Evaluation:
- Maybe looking at boxplots is the most common way. Strongly skewed data often show far outliers. But even normal and some other symmetrical distributions can show outliers.
Example: Out of 100,000 normal samples of size 100, over half had outliers; there was almost one outlier per sample on average.
out = replicate(10^5,
length(boxplot.stats(rnorm(100))$out))
mean(out>0)
[1] 0.5204
mean(out)
[1] 0.92163
- If the issue is that you'd like normal data, then
using formal tests of normality is not usually
the best approach. For small samples, normality tests can fail to reject for data from skewed distributions; for large samples, these tests can reject for data that is close enough to normal for many purposes. Look at normal probability plots instead.
Examples: The Shapiro-Wilk test is one of the best tests of normality. Even so, out of 100,000 exponential samples of size ten, this test found less than half to be non-normal.
pv = replicate(10^5, shapiro.test(rexp(10))$p.val)
mean(pv <= .05)
[1] 0.44557
Moreover, out of 100,000 samples of size 1000 from Student's t distribution with 30 degrees of freedom (hardly distinguishable from normal
for many practical purposes) about 20% failed the S-W test of normality.
pv = replicate(10^5, shapiro.test(rt(1000,30))$p.val)
mean(pv <= .05)
[1] 0.20981
Execution:
- If possible, try to find a method that works well for untransformed data. Transformation, even when necessary, can make it hard to understand and explain the results of tests.

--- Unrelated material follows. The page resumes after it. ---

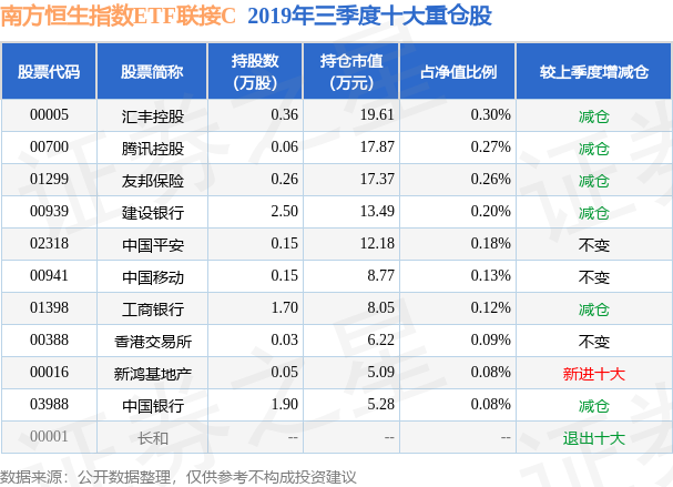 南方恒生指数ETF联接C为指数型-股票基金,根据最新一期基金季报显示,该基金资产配置:无股票类资产,债券占净值比3.86%,现金占净值比2.77%。基金十大重仓股如下:

Example: Suppose we have an exponential sample
of size 40 from a population with $\mu = 50.$
Some might depend on the robustness of t methods to get the (approximate) 95% CI $(33.1,64.1)$ for $\mu.$ However, the relationship
$\frac{\bar X}{\mu}\sim\mathsf{Gamma}(40,40)$
can be pivoted to give the exact 95% CI
$(36.5, 68.0).$
x = rexp(40, 1/50)
mean(x)
[1] 48.60372
t.test(x)$conf.int
[1] 33.07733 64.13012
attr(,"conf.level")
[1] 0.95
mean(x)/qgamma(c(.975,.025), 40, 40)
[1] 36.46582 68.03293
- If transformation is necessary, try to use one that minimizes difficulties of interpretation. In some instances, using a rank transformation works and results are easy to understand. Differences in logs amount to ratios of original data.